Investors primary desire for returns

When discussing future liabilities (retirement, education, et al) the pressure is on investors to achieve their required returns.

Usually, they are focused on accumulation or income generation, which drives the prices of the assets being sought.  Those seeking income to help fund retirement typically chase high dividend paying companies, especially in the ongoing low interest rate environment. Investors are also increasingly using income-generating companies for compounding to generate capital growth.

In Asia, many companies pay a high percentage of profits out as dividends. Reducing profits, and therefore dividend payments, to invest in their business means the market will punish them. Investors focused on income-stocks will move elsewhere. The challenge of sustainability is that the companies that pay the highest dividends are typically in traditional industries that are asset heavy and have a high carbon footprint. Investors will need to support them in their transition to NetZero by accepting lower dividend payouts, otherwise these companies will struggle and eventually lose out as we transition to low carbon alternatives. Whilst this may be long-term desirable, in the short term it will create unmanageable economic dislocation.

Fund managers under pressure to maintain performance and deliver green

The key challenge facing the asset management industry is it operates in a saturated market, that is highly competitive.

Fund managers are traditionally judged primarily on performance. However, the managers’ response to ESG and their ability to incorporate ESG factors is now another area of competitive pressure.

The question is how to maintain performance while still addressing ESG. Yes, ESG strategies outperformed in 2020, and demonstrated sustainability can now be lucrative. However, upon digging deeper, it is apparent that positively screened ESG companies have lower employee metrics and are asset light industries. Automation does not create jobs, and tech does not need employee rights.

Investing in large ESG positive businesses also has the destructive effect of channelling money away from asset heavy industries that today create jobs and support local communities. Equally, SMEs that score low on ESG need to finance their NetZero transition – is the market punishing them or helping them?

Businesses are at the sharp end

Companies must tread a fine line. They are expected to deliver returns, while at the same time investing for their future. Sustainability is no longer a nice-to-have overhead, it is future-proofing their business.

However, delivering on the ‘E’ is going to cost money, and as with other stakeholders, someone has to pay. If the cost cannot be passed through to the end customer, cutting costs within the business may impact staff pay, bonuses and the ability to hire new employees. It may also lead to certain functions becoming obsolete and job losses. The ‘E’ comes at the expense of the ‘S’.

In Asia, the objective used to be squeezing the last drop of profit out of the business. This is slowly shifting to an objective of longevity and legacy. Paying out all profits in dividends is short-sighted, whilst playing the long game could help increase margins over time. To do this, the companies need the right investors onboard.

Conclusion

For stakeholders who are used to only thinking from one quarter to the next, a mindset shift is needed to build longer term relationships and expectations, and move away from get-rich-quick investing.

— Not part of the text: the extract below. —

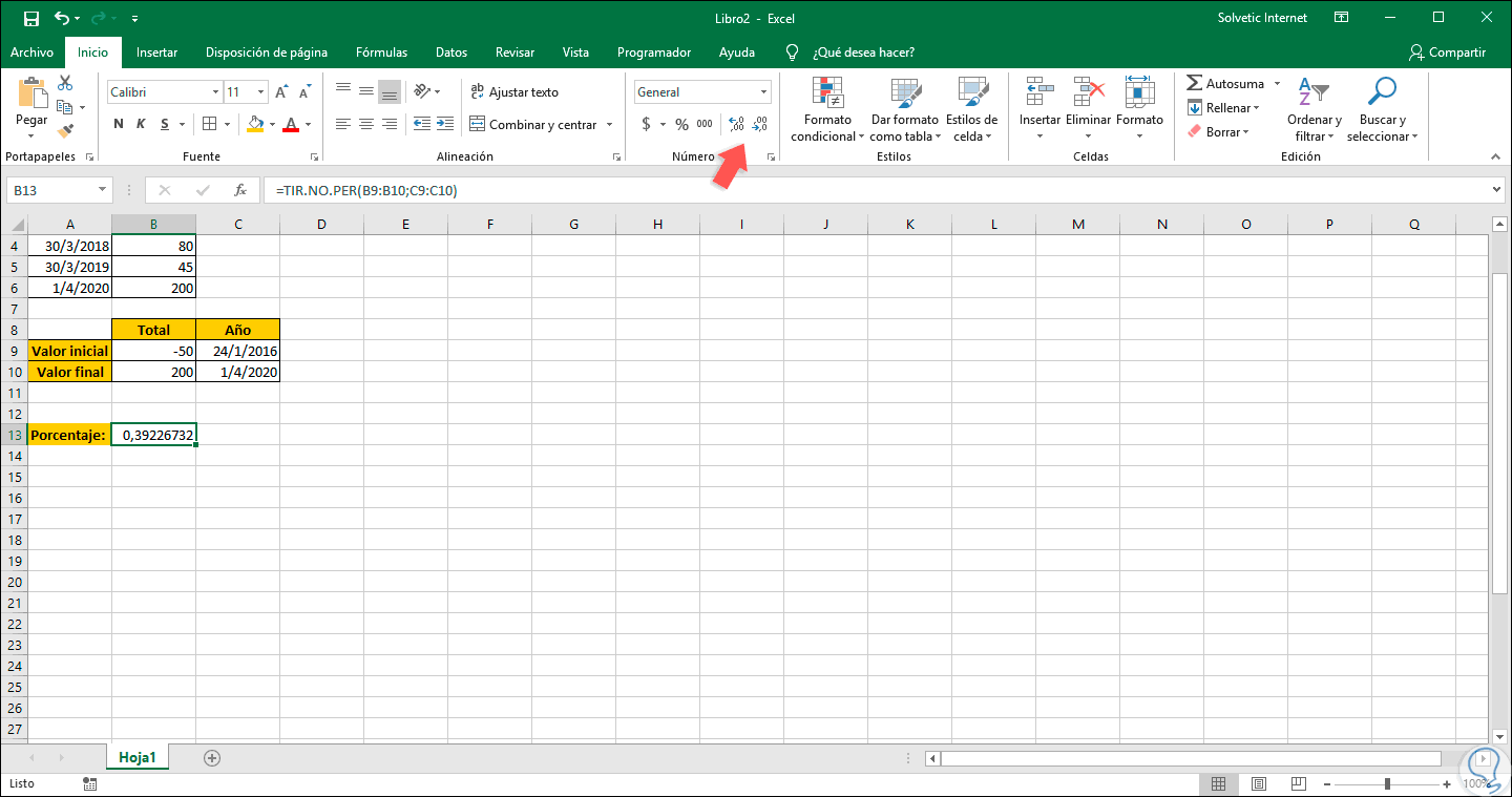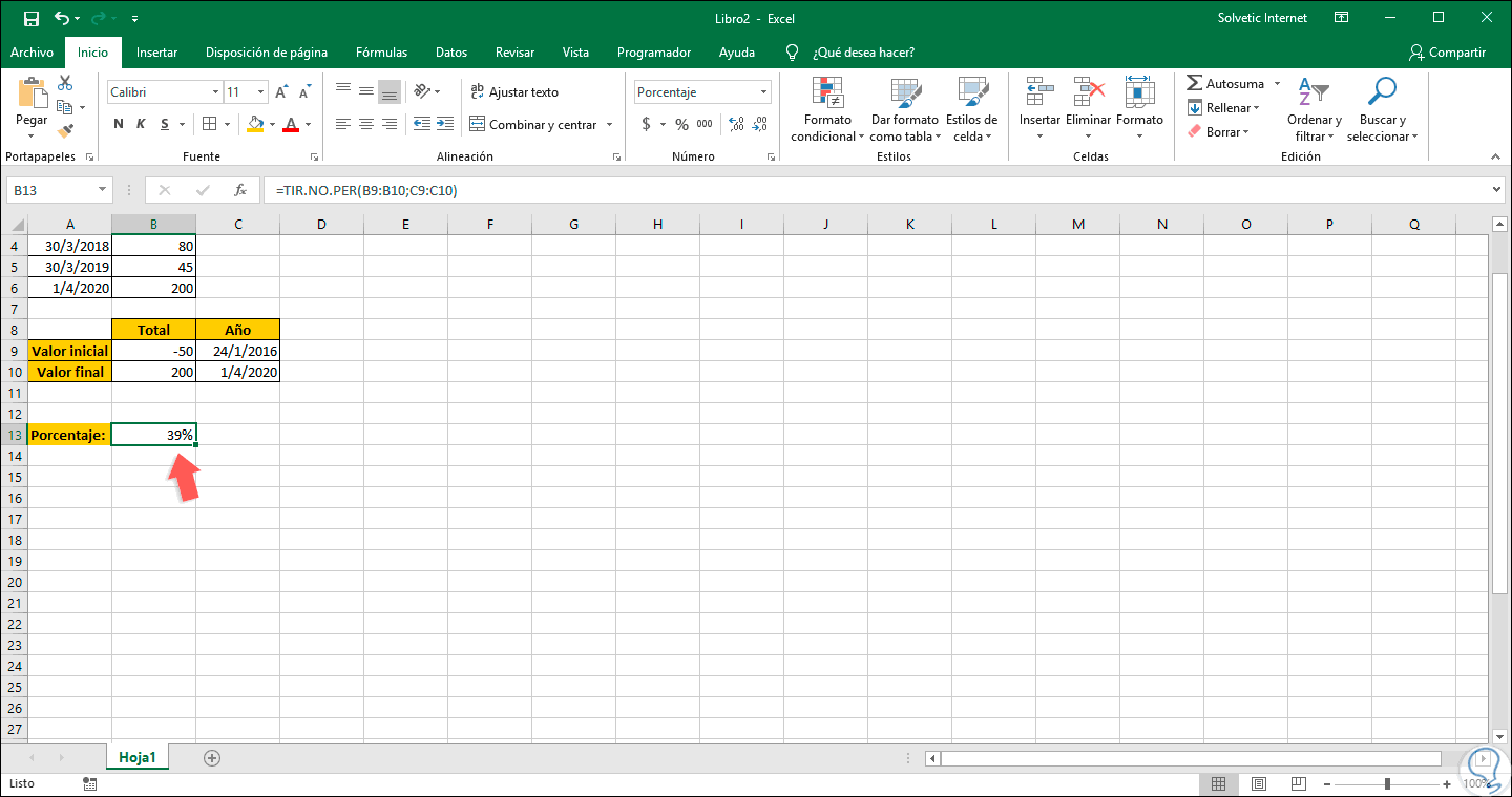 1. Cómo calcular porcentaje de la tasa de crecimiento en Excel 2019 usando la función TIR.NO.PER
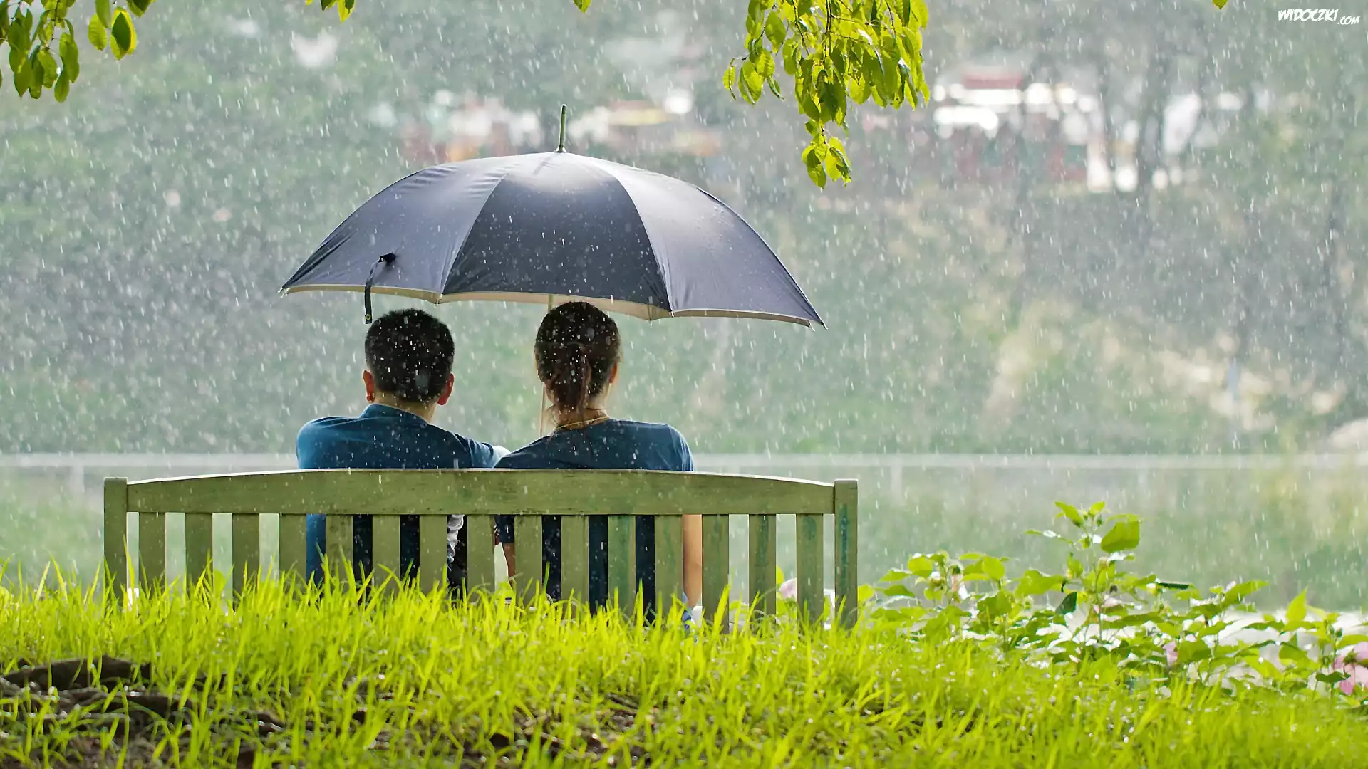 Zdjęcia, Park, Deszcz, Ławka, Para, Parasol

Generating returns and being true to the ‘S’ takes time. Short termism is the death knell of sustainable growth, so companies need the right type of investors with the right mindset to achieve the change needed.

Now is the time to be making that mindset shift, which will help identify investments in companies that stand to do best from the transition to a low carbon future alongside broader social objectives of communities and economies.